* [Source material]
^^^^^^^^^^^^^^^^

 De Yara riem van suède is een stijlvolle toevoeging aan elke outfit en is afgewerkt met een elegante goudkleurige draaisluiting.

^^^^^^^^^^^^^^^^

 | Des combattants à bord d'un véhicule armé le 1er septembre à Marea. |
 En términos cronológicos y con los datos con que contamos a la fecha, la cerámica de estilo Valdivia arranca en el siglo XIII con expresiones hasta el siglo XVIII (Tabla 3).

^^^^^^^^^^^^^^^^

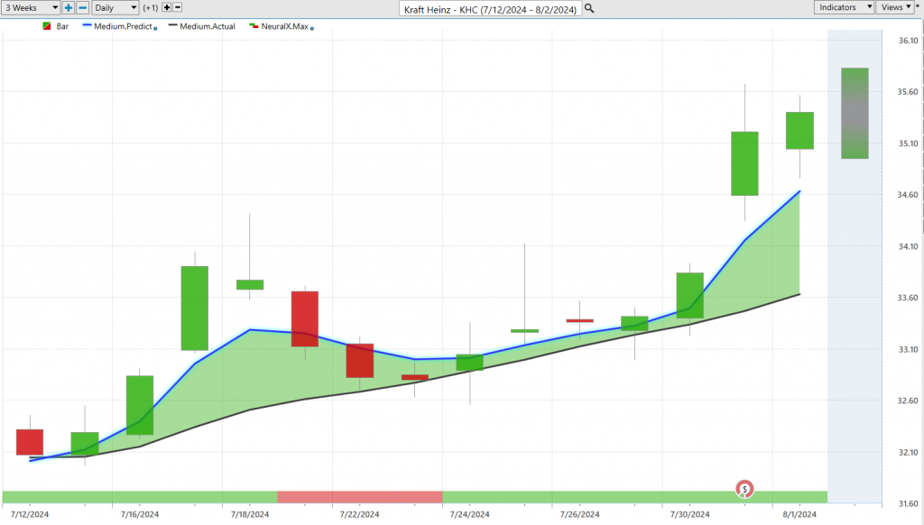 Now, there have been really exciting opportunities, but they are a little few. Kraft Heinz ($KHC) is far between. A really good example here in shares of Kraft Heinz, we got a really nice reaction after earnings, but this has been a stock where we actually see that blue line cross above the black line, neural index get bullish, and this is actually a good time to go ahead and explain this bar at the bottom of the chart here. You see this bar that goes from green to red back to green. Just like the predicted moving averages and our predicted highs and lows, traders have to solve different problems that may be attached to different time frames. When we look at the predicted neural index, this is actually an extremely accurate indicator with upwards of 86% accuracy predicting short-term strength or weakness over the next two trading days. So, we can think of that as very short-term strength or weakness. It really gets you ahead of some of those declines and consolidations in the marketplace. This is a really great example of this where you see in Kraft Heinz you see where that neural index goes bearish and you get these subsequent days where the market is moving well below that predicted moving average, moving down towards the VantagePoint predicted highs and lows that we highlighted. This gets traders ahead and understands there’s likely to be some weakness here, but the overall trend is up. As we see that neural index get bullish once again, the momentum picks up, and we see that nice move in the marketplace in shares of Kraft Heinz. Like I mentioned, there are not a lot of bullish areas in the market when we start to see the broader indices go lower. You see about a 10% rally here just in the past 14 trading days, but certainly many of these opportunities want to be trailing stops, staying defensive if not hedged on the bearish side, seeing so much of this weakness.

^^^^^^^^^^^^^^^^

Copy back the listing above exactly, but only from the line with "septembre à Marea. |" through the line with "En términos cronológicos", both ends included.

 | Des combattants à bord d'un véhicule armé le 1er septembre à Marea. |
 En términos cronológicos y con los datos con que contamos a la fecha, la cerámica de estilo Valdivia arranca en el siglo XIII con expresiones hasta el siglo XVIII (Tabla 3).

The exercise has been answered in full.